- **Records shown**:
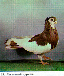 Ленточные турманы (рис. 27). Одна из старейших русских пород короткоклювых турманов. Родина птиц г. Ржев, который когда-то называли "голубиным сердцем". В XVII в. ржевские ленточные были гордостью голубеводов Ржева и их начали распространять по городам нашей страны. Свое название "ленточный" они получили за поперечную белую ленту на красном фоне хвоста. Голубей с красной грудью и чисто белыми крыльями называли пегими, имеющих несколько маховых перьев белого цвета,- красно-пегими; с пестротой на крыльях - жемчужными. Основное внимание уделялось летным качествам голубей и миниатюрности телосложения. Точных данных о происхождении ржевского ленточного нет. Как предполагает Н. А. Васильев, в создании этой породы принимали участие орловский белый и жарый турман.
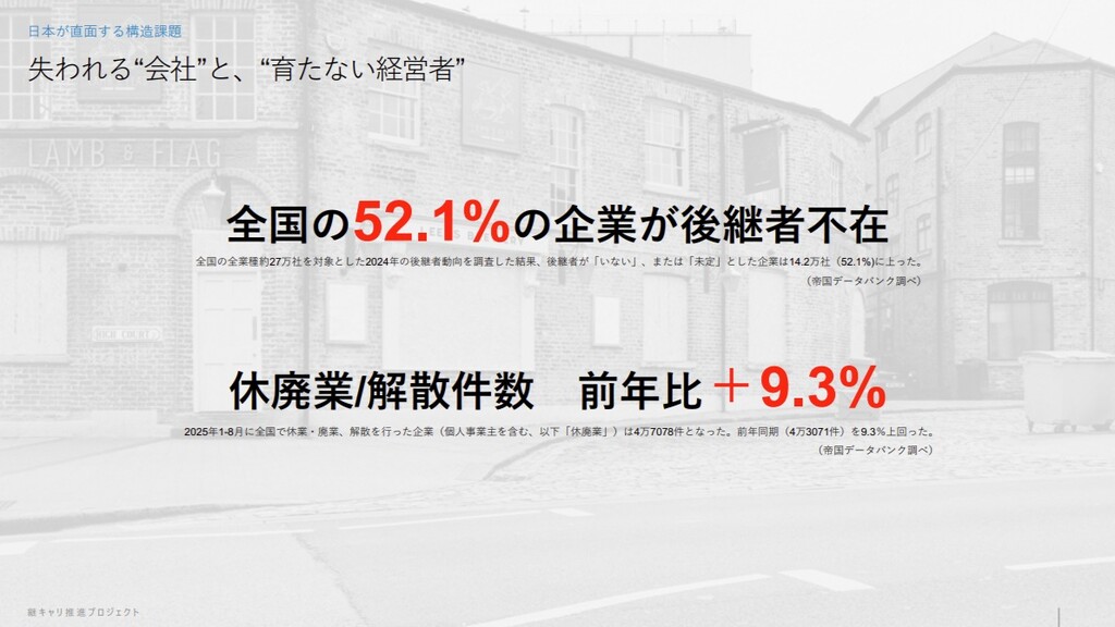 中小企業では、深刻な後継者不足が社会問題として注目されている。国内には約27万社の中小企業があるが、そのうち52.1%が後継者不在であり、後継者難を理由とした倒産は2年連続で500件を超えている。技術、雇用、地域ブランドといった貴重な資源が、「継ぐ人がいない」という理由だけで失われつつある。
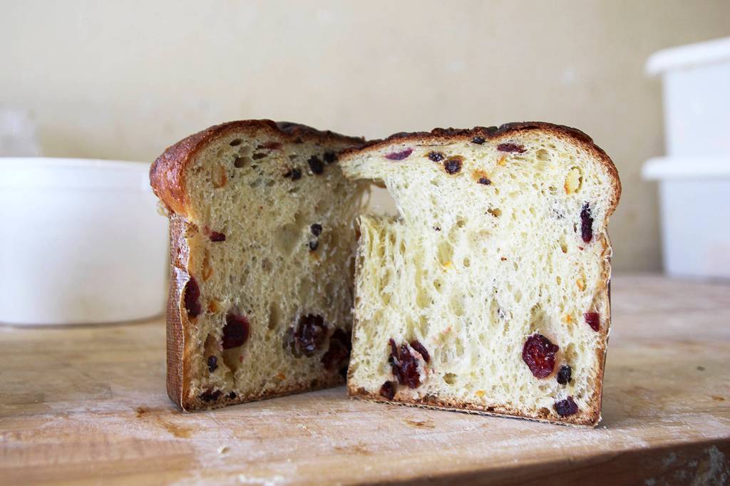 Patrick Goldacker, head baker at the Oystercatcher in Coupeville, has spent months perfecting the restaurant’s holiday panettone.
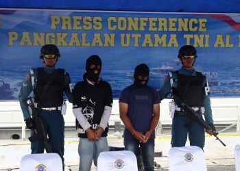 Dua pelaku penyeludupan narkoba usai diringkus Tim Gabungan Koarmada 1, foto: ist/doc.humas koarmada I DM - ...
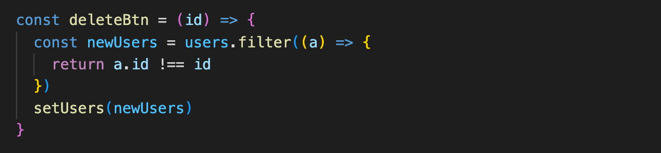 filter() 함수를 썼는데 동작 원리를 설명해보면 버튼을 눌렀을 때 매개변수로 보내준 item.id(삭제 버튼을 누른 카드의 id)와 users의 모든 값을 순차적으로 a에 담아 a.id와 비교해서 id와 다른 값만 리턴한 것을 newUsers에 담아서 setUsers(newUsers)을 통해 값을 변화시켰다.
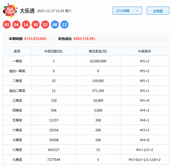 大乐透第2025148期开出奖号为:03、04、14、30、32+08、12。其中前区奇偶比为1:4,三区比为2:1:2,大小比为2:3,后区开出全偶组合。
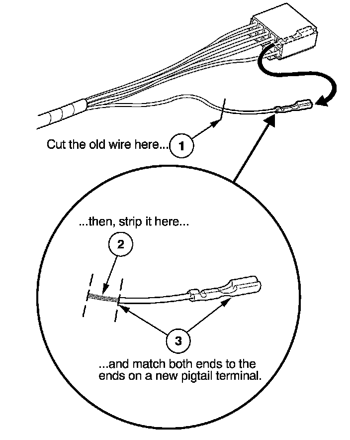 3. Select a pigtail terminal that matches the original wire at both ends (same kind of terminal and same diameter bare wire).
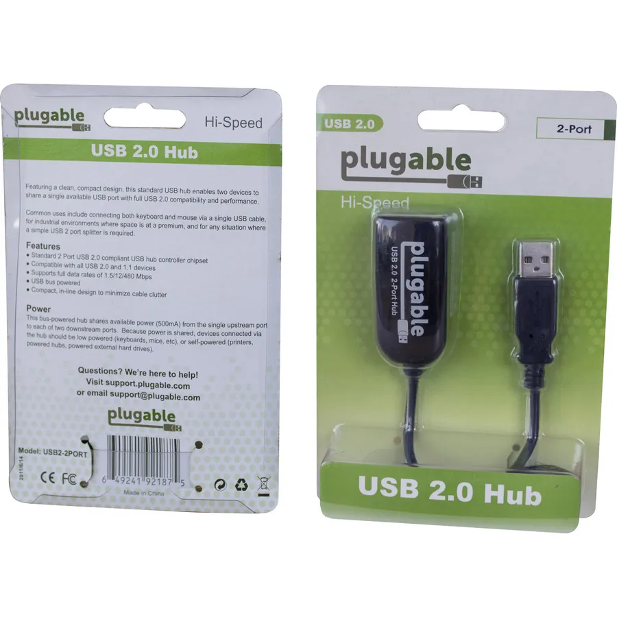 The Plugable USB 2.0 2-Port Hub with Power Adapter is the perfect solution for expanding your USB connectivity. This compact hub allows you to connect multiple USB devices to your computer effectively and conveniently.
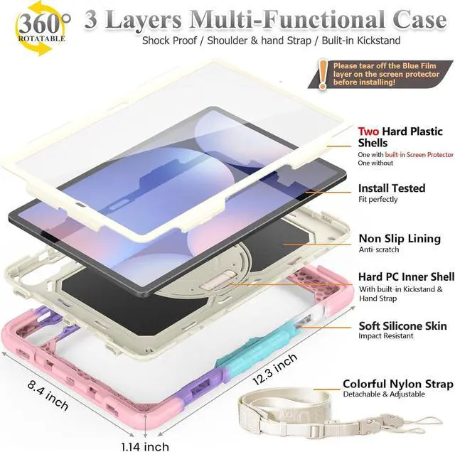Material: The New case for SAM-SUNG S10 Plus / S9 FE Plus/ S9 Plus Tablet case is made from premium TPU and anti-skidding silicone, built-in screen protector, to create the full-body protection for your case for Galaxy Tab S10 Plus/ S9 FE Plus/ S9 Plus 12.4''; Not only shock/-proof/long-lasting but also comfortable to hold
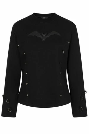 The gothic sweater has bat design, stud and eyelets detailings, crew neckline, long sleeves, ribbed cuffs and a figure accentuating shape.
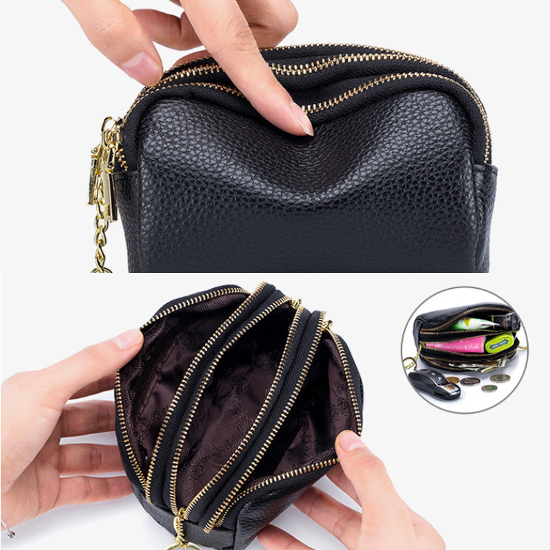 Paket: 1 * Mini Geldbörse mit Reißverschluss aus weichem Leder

- **Problem description**: Reproduce exactly the lines from the one with "The Plugable USB" to the bottom of the listing, both ends included, and nothing else. Skip the pictures.

- **Exercise output**:
 The Plugable USB 2.0 2-Port Hub with Power Adapter is the perfect solution for expanding your USB connectivity. This compact hub allows you to connect multiple USB devices to your computer effectively and conveniently.
Material: The New case for SAM-SUNG S10 Plus / S9 FE Plus/ S9 Plus Tablet case is made from premium TPU and anti-skidding silicone, built-in screen protector, to create the full-body protection for your case for Galaxy Tab S10 Plus/ S9 FE Plus/ S9 Plus 12.4''; Not only shock/-proof/long-lasting but also comfortable to hold
 The gothic sweater has bat design, stud and eyelets detailings, crew neckline, long sleeves, ribbed cuffs and a figure accentuating shape.
 Paket: 1 * Mini Geldbörse mit Reißverschluss aus weichem Leder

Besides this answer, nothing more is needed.